“I can’t imagine,” said Daisy. “She’s got everything she wants now. Perhaps they’ll just hoard it, in order that when Pepino dies we may all see how much richer he was than we ever imagined. That’s too posthumous for me. Give me what I want now, and a pauper’s funeral afterward.”
“Me too,” said Georgie, waving his leg. “But I don’t think Lucia will do that. It did occur to me——”
“The house in London, you mean,” said Daisy, swiftly interrupting. “Of course if they kept both houses open, with a staff in each, so that they could run up and down as they chose, that would make a big hole in it. Lucia has always said that she couldn’t live in London, but she may manage it if she’s got a house there.”
“I’m dining with her to-night,” said Georgie. “Perhaps she’ll say something.”
Mrs. Quantock was very thirsty with her gardening, and the tea was very hot. She poured it into her saucer and blew on it.
“Lucia would be wise not to waste any time,” she said, “if she intends to have any fun out of it, for, you know, Georgie, we’re beginning to get old. I’m fifty-two. How old are you?”

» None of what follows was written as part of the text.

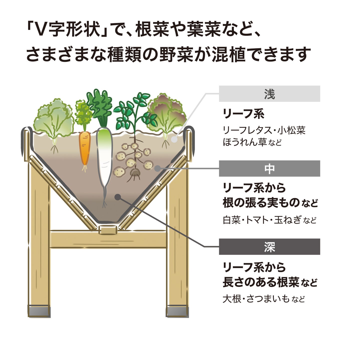 1.VegTrugプランターの人間工学を取り入れたV字設計の形状
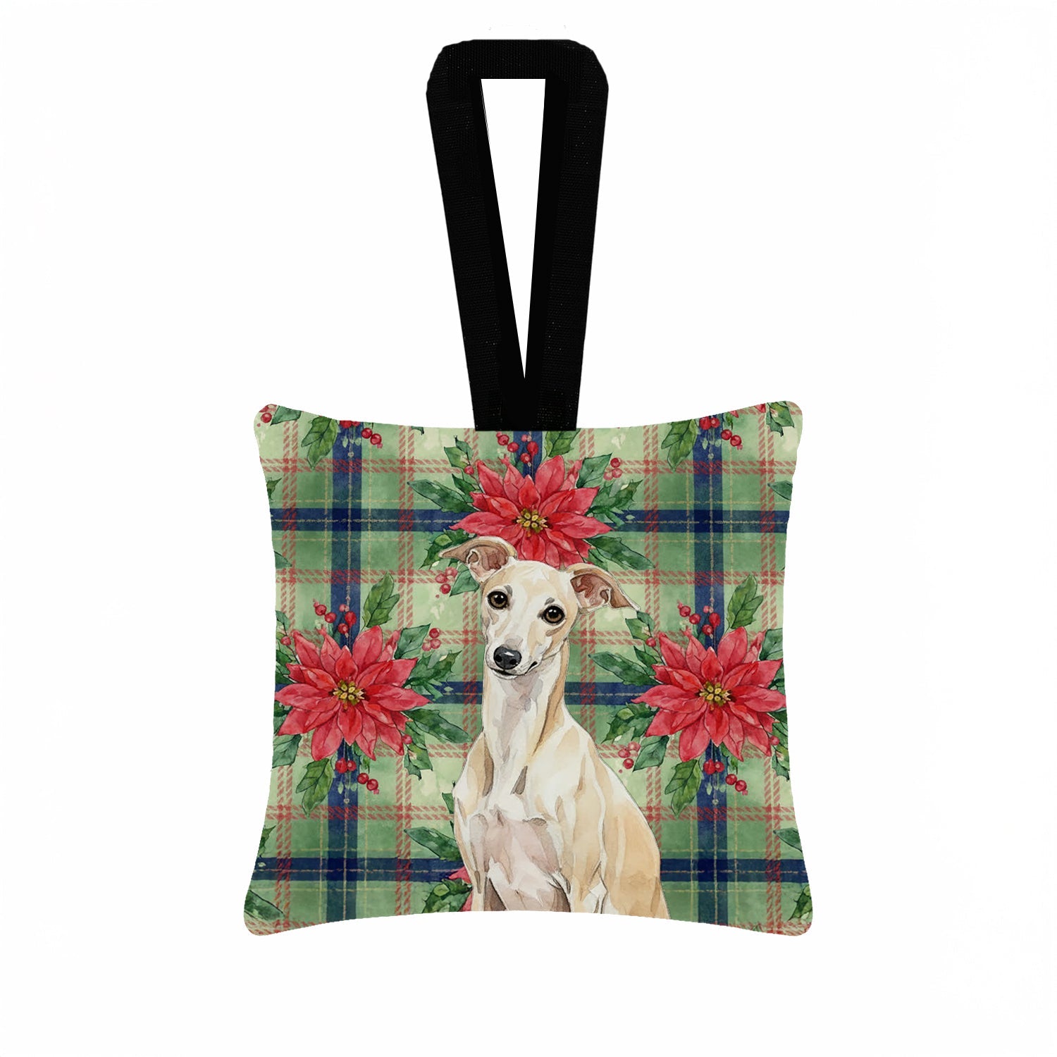 Cream Italian Greyhound Christmas PoinsettIas Hanging Square Fabric Ornament 3.5 x 3.5

Georgie disliked that barbarous sort of question. He had been the young man of Riseholme so long that the habit was ingrained, and he hardly believed that he was forty-eight.

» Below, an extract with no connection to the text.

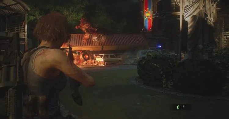 В тот момент, когда Немезис начинает бегать по кругу, прекратите вести по нему огонь. Не тратьте зря патроны. Во-первых, их и так не очень много, во-вторых шанс попасть в быстронесущегося монстра очень малы. Потратьте это время с пользой – начните пополнять боезапасы и медикаменты из близлежащих автомобилей и ящиков. И когда Немезис прыгнет, вы сможете встретить его достойно, во всей красе.

“Forty-three,” he said, “but what does it matter how old we are, as long as we’re busy and amused? And I’m sure Lucia has got all the energy and life she ever had. I shouldn’t be a bit surprised if she made a start in London, and went in for all that. Then of course, there’s Pepino, but he only cares for writing his poetry and looking through his telescope.”
“I hate that telescope,” said Daisy. “He took me up on to the roof the other night and showed me what he said was Mars, and I’ll take my oath he said that the same one was Venus only a week before. But as I couldn’t see anything either time, it didn’t make much difference.”
The door opened, and Mr. Quantock came in. Robert was like a little round brown sarcastic beetle. Georgie got up to greet him, and stood in the full blaze of the light. Robert certainly saw his trousers, for his eyes seemed unable to quit the spreading folds that lay round Georgie’s ankles: he looked at them as if he was Cortez and they some new planet. Then without a word he folded his arms and danced a few steps of what was clearly meant to be a sailor’s hornpipe.